It’s funny how people perceive things. During the last recession (2001-2002), being laid off meant something different than it means today. Back then, lay-offs were mostly in the technology sector due to the huge Internet bubble. Today, it seems that no industry is left unaffected. Being laid off back in 2001-2002 was more “on to the next big thing” while now it’s “when will there be a next thing?”.

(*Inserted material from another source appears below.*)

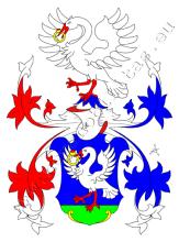 V modrém štítě je na zeleném trávníku stříbrná labuť s červenou zbrojí držící v zobáku zlatý prsten s rubínem. Na štítě spočívá kolčí přílba s červeno – stříbrnými a modro – stříbrnými přikrývadly. Klenotem je labuť ze štítu.

This recession is much broader and deeper than the 2001-2002 one. It seems that no industry is immune from poor financial management and the greed of the few. It is always been clear that credit is the lubricant that not only keeps the financial machine but every other industry as well. Without it, business cannot purchase raw materials or create innovative products. Consumers without credit grind the economy to a halt. This, reinforces financial institutions caution to stop lending, which drives companies to stop producing, creating layoffs and sapping consumer buying power that drives the economy in the first place. Its a self perpetuating cycle that needs something to unjam it.
Being laid off is a scary experience. Being laid off now is down right terrifying. Not knowing when things will get moving again just adds to the overall level of anxiety that most people feel. Some of this anxiety is healthy but the majority of it is just down right fear. Fear of the unknown tomorrow that only perpetuates the fear of today. We cannot be fearful now. We must be optimistic that this is just a temporary setup and that conditions will turn around — it is just a matter of time.